Kim sort of likes her, but the working class transfer student opts to
curry favor with the privileged ten instead.
As
part of their “rabbit hunting” initiations, Kim does their dirty work in
exchange for inside information on approaching exams. Naturally, Taylor and his cronies clearly
have no intention of letting him into the club.

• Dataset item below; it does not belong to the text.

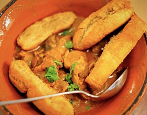 塞维利亚Duque餐厅,海鲜饭跟西班牙海鲜饭最大的区别可能就是海鲜汤泡饭,米难得这么软啊,流下了思乡的泪水,看翻译软件说是辣味鸡肉配面包,其实基本上连微微辣都算不上,旁边配的炸面包还挺好吃,感觉像油条?...

However, as viewers can readily glean from the film’s complicated
flashback structure, it is a very bad idea to play mind games with someone as
tightly wound as Kim.
While
Pluto’s class warfare themes are
obvious and inescapable, Shin’s uncompromising screenplay surpasses mere
polemics, portraying the sociopathic will-to-power at its rawest. This is not the sort of film that will have
anyone saying “so there” when it ends. Kim might be our protagonist, but he is not an
exactly a downtrodden POV character audiences would like to identify with. Surprisingly, his nemesis Taylor turns out to
be the most nuanced of the lot. Of
course, his cronies do not much care for his sudden subtle dimensions of
character.
Pluto boasts some
considerable star-power, thanks to Kim Kkobbi appearing as Yung, a relatively
modest but intriguing supporting role.
Lee Da-wit is eerily soulless and desperate as the hollow-looking
Kim. Yet, it is June Sung who really
keeps viewers off-balance as the not exactly remorseful Taylor.
Many
of the sins of prep school dramas past repeat again in Pluto. As if required by an
unwritten law, all the adults are ridiculously dense and the cops are
problematically passive. Still, Shin
raises the stakes for all future prep students behaving badly, making a film
like Tanner Hall look tame and pale
in comparison. Despite some clumsy
excesses, it is mesmerizing in-your-face filmmaking. Recommended for the
reasonably jaded, Pluto screens this
Friday (10/25) at the Village East as part of this year’s KAFFNY.